In the southern Mediterranean, the mass exodus of migrants from Libya traditionally slows almost to a halt during the winter months, when rough weather makes the long sea crossing to Italy much more hazardous.

But in the Aegean, the desperation of the Syrians in particular, and the fact that the journey by sea from Turkey is much shorter, means that arrivals may continue even through the winter months.

“If the situation remains so difficult at home, Syrians will keep leaving. There is no other choice. They want to find safety, that’s all,” said Mr Badar, as his children shivered on the dockside in the early morning cold.

“We are risking death to find peace–we do it even with our children, these little flowers.”

At the hillside refugee camp, Rena Simopoulou of the International Organisation for Migration is wrestling with the problem of how to accommodate more than 1,000 people in a reception centre with just 260 beds.

People are crammed into 11 grey dormitories, many of them sleeping on the floor, while others stay in tents pitched on a basket ball court.

Until recently the Greek police provided regular meals for the migrants, but they now say they have run out of money.

No meals have been given out since Sunday, leaving many refugees to go hungry.

“I think the numbers will decrease over winter, but who knows?” said Ms Simopoulou. “Last week the weather was very bad but we still had arrivals.”

It is not as if the refugees are unaware of the risks involved.

“I know it’s a dangerous trip but I had no other choice. I thought we had a 50-50 chance of making it across,” said Yasmin, who worked as a journalist in Gaza but says she faced persecution from the Hamas government.

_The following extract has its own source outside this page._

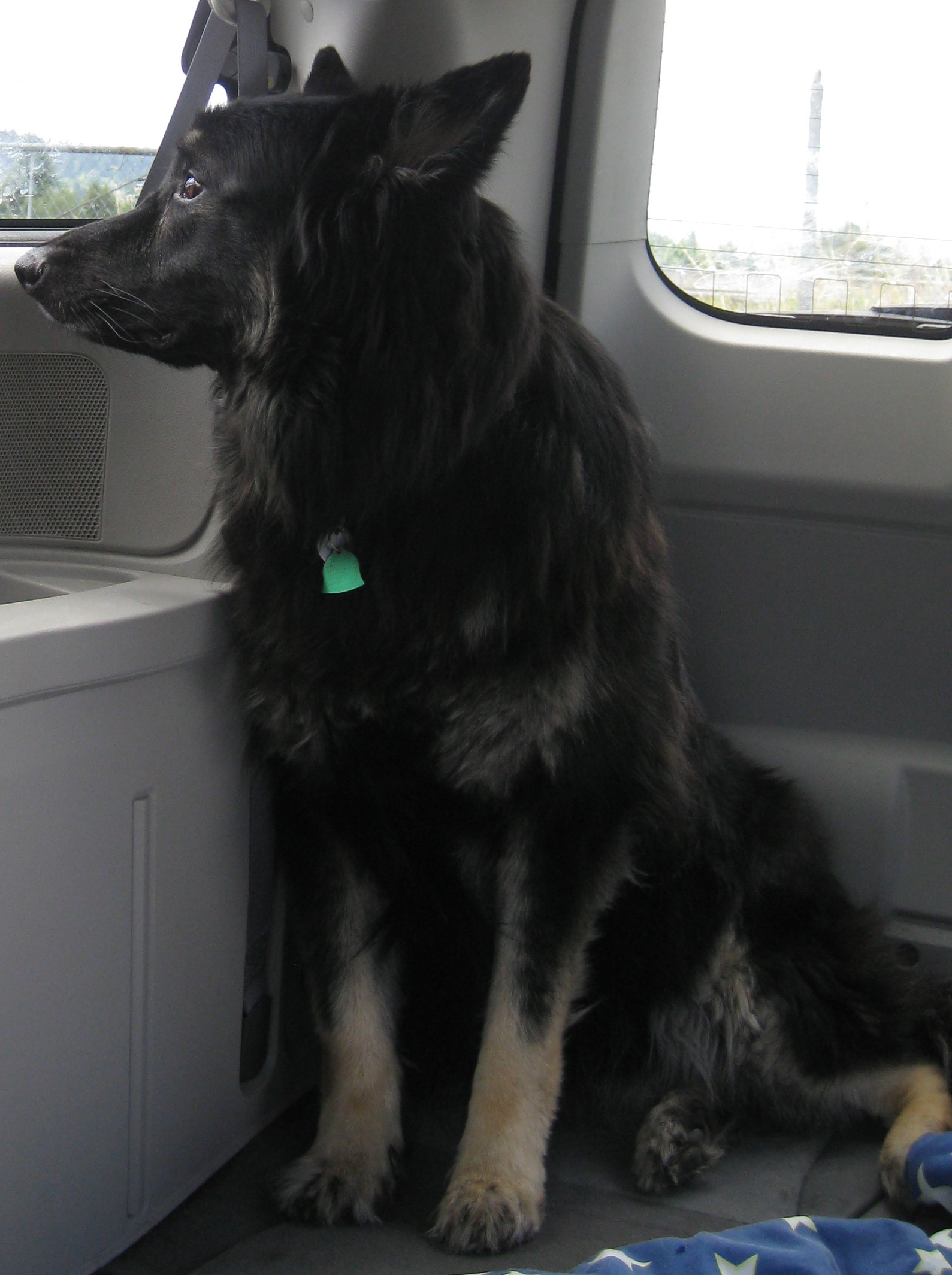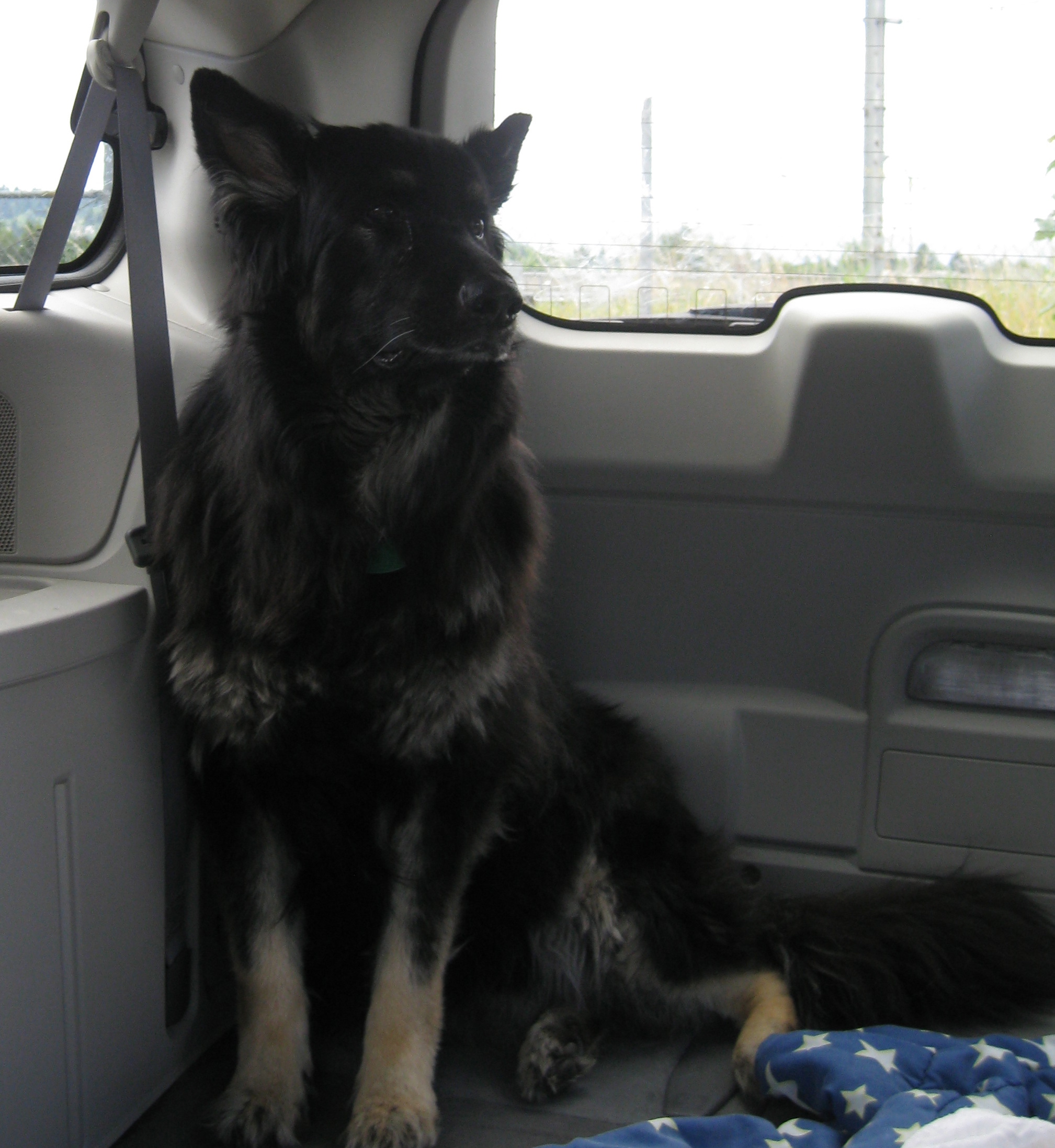This is Bear being camera shy in our van! He adores going bye bye with mama! We were picking up his papa from work yesterday.

She was travelling with her husband, who worked for the United Nations Children’s Fund in the Palestinian territory, and her daughter, a lively five-year-old who chattered away happily about her favourite characters from Frozen despite her sodden clothes and wet shoes.

“My daughter speaks four languages and I need her to start her life in a good country. We are educated people. I read 10 books a month. We need the world to show us a little bit of humanity,” Yasmin said.

The family applied for asylum in Norway and France but were turned down. Now they are desperate to reach Sweden, where they have relatives.

And they believe there are many more refugees waiting to make the same journey across the sea.

“Maybe the numbers will drop a bit over the winter, but people will keep coming. I know there are many Syrians and Iraqis applying for visas for Turkey. That means only one thing–that they want to go to Europe.”

There was a huge surge of refugees reaching the Aegean islands in late October, with 50,000 arriving in one week alone.

Russia’s involvement in the Syrian conflict has made it even more deadly and more complicated.

Turkey warned this week that the Russian intervention could displace another two million people in Syria.

A senior government official told The Telegraph that at least half of them would cross into Turkey and many would then travel onto Europe.

Rubbing his hands to keep warm and waiting to be issued with a temporary permit that will allow him to board a ferry to Athens, from where he will travel up through the Balkans, Ammar Fares has little doubt that the flood of refugees will continue.

“People will keep coming through the winter,” said the 25-year-old from Latakia, Syria’s principal port. “They need safety. It won’t stop. It will not stop.”